By that logic, let's let people have RPGs and thermonuclear weapons because, hey, you never know when the situation might warrant it.

An "AK-47" is well-suited (though maybe not perfect)for home defense
Yeah, in Liberia.

The Avtomat Kalashnikova model of 1947 is one of the finest firearms ever produced by the hand of man, I agree. HOWEVER, if you need 30 rounds of 7.62 to keep you safe at home, you need the military, not an AK.
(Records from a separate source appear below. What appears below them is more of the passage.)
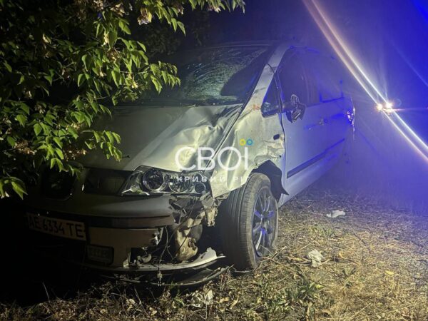 Автівка рухалась з боку Ниви Трудової в напрямку Кривого Рогу, водій підібрав пасажирів і почав вихляти по дорозі і виїхав на зустрічну.
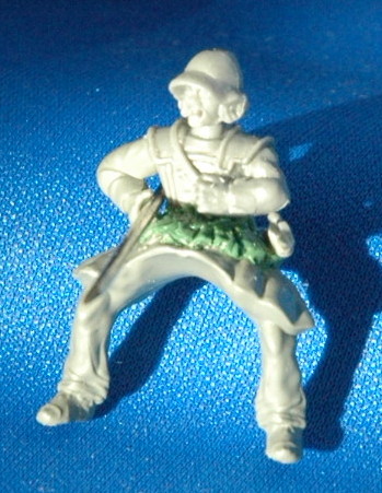 Both received greenstuff pteurges (fabric strips hanging down from the waist of the corselet) to conceal the join at the waist and complete their armour. A 45mm steel pin spear was added to each; one couched, the other at a more upright angle.
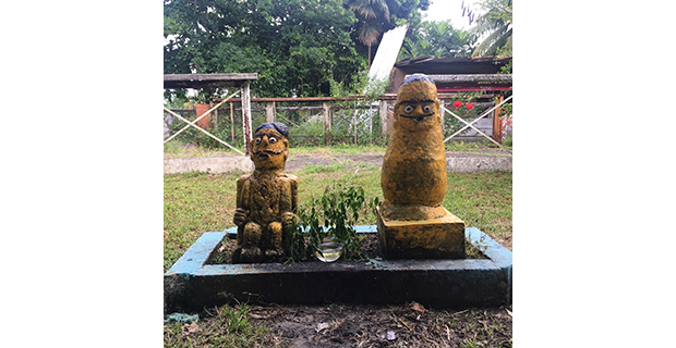 Guardians at the entrance of a Hindu temple in Martinique
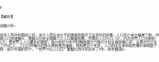 1970年至2010年间,由于中国的努力,“世界70亿人口日”整整比预计的迟来了5年。推迟的原因是( )
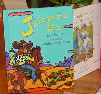 "Jalapeno Hall", written by Jo Harper, illustrated by Jennifer Beck Harris, Maxwell Macmillan, 1993, First. "I Bought My Love a Tabby Cat" written by Colin West, illustrated by Caroline Anstey, Chronicle Books, CA, 1988. First US ed. 1988.
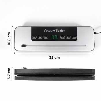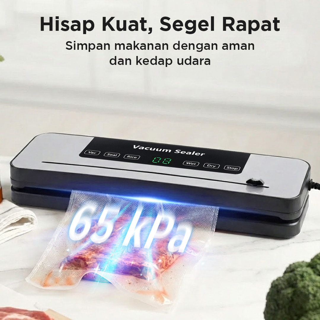 | Hisap Kuat, Segel Rapat Memiliki daya hisap hingga 65 kPa, vacuum sealer ini dapat menyedot udara di dalam kemasan dengan maksimal. Makanan pun dapat tersimpan dengan aman tanpa kharwatir risiko rusak atau kadaluwarsa. |

and certain kinds of hunting certain kinds of game in certain kinds of terrian.
Ah yes, the infamous Kevlar Bears.

There is no way to soundly argue that there is no 'legitimate use' for an AK47 as it can be effectively used for just about any legal purpose someone might have for a gun.
There is no reason for a civilian to need a military weapon when any task he may require the AK-47 to perform can be performed above or beyond his needs with a civilian weapon.

You mean .50BMG, right?
Yes it is. It's one hell of a round. There are just some things that need to be done the .50BMG way, and for it there is no substitute.
And what, pray tell, would a civilian need it for? There aren't an over-abundance of M2's on my street, I dont know about yours.

That will depend on their use by the military.
The 2nd protect weapons that are suitable for use in the milita. The Militia is intended to, among other things, assist (or resist) the military thru force of arms. For that, it needs appropriate weapons; if the average soldier is equipped plasma rufes and mass drivers, then the 2nd proctects the individual right to own and use plasma rifles and mass drivers.
This has always bugged me. Our founding fathers were not stupid men, surely they realized that weapons technology would advance at some point and bring about more lethal means of destroying one's neighbors.

With that in mind, I seriously doubt they meant the 2nd amendment to cover modern military weapons.